30 October, 2004
Drilling dive holes
Today, after having seen the divers use dive holes, I finally got to see how the drilled holes, like the one at Cinder Cones, are made. My flight was delayed yet again. It was originally scheduled for 1345 (1:45 pm) but has been delayed until 1745 (5:45 pm).
We met the driller, Tom, and his assistant for the day, Heidi, at 8:15 this morning. The drill rig is pulled by a bulldozer and features a pivoting arm with a drill bit that's about four feet in diameter.
Our first stop was the far side of Hut Point, where we walked out to Shackleton's Discovery Hut on the first day at McMurdo. Andrew used the GPS to find the location where the hole was drilled last year. However, the ice was so criss-crossed with cracks, there didn't appear to be anywhere that the drill rig could safely make a hole. We moved on to another part of the ice.
At the next potential dive site, right off the station, there were some big piles of snow. Tom began moving aside some of the piles to clear the ice. A pickup truck pulled up and the driver asked what we were doing. Apparently, he was afraid that the area would flood when the hole was drilled. A lot of water comes up when the drill finally breaks all the way through the ice. So that hole will have to wait until they get approval to drill.

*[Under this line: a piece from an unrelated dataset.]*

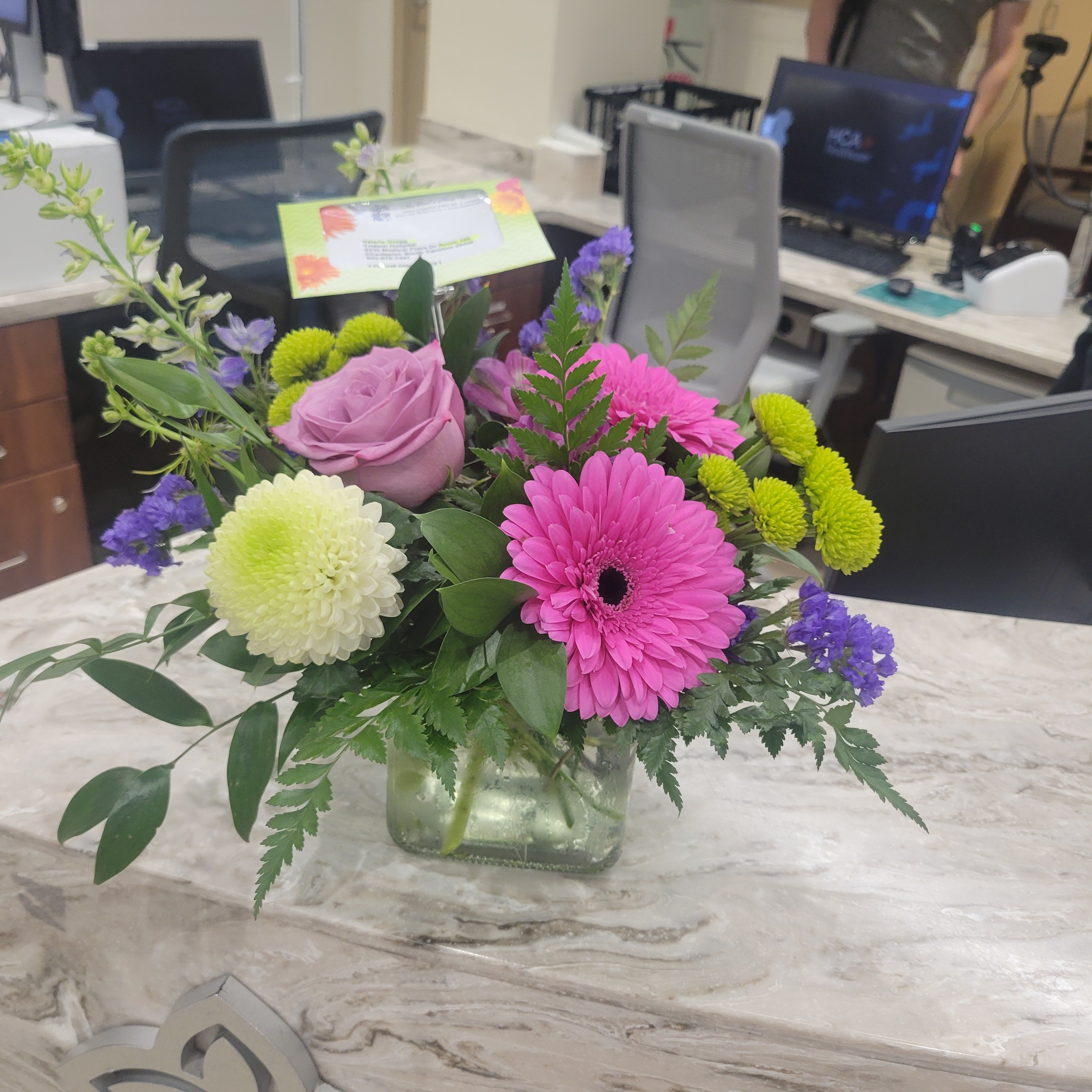 I love out of town and looked online to order flowers for my daughter, who is new to the area and working as a nurse. I read many good reviews so I took a chance. Veronica took my order and was so incredibly sweet. My daughter got the flowers at a time that couldn’t have been planned any better and they were absolutely beautiful. I would highly recommend them and will definitely be calling them again when I need flowers. Thank you again for your help.

Kathy needs to get some mud samples over at the jetty, but the existing hole is quite far from the area she would be collecting them. This would mean a long and exhausting swim carrying heavy buckets of mud. She found a place that would be good for drilling a new hole, but the way that the drill rig would have to come had a big crack across it, so that was not going to happen either.
This was starting to get more difficult than expected! Three strikes so far. But the next area looked good, and there was a good area to make two holes at the sites Outfall South A and B.
First, Tom had to clear the ice of snow, of which there was two to three feet. Next, he braced the trailer with the drill and lowered the arm. He drilled down into the ice, then pulled the drill back up. It came up loaded with snowy ground ice and chunks. Mike, Andrew, and Heidi were waiting with shovels. When Tom spun the drill, which knocked all the snowy ice off it, they made channels in the ice with the shovels. The drill-lift-shovel process was repeated about 15 times, and finally, water came pouring out of the hole. I had to jump up to get of the way, and still got water up over my ankles. Fortunately, it wasn't a problem with the bunny boots! Tom drilled a few more times and water continued to gush out of the hole.
We repeated the process with the other nearby hole, then went to lunch. We had to mark the area with black flags because a two-foot-deep trench had now been dug across one of the roads for tracked vehicles (such as the Mattrack, Pisten Bully, Hagglund, etc).
After lunch, Tom scraped the snow away from the holes and we proceeded to clear them out with shovels and the dip net. Soon we had two holes all clear! We put cookies over them, then watched while Tom drilled one more hole, This time a grader was helping clear the snow away from the hole.
One very cool thing we saw today was our first skua. Although we've seen a few seals, and I went out to the penguin ranch, there have been no other animals on land, the ice, or in the air. Skuas are big gull-like birds. They're famous for being scavengers and are the ones that steal food from your hand if you're trying to eat and walk across town at the same time. Kathy compared seeing the first skua to seeing the first robin in spring.
So far, my flight out still seems to be scheduled. The plane coming from Christchurch was supposed to pass the PSR (Point of Safe Return) a few minutes ago. This is the point at which the plane had to either turn back or continue. So if the weather or visibility are bad at McMurdo, the plane has its last chance to turn around then. Beyond that point, the plane has to keep going because it won't have enough fuel to get back to Christchurch if it turns around later.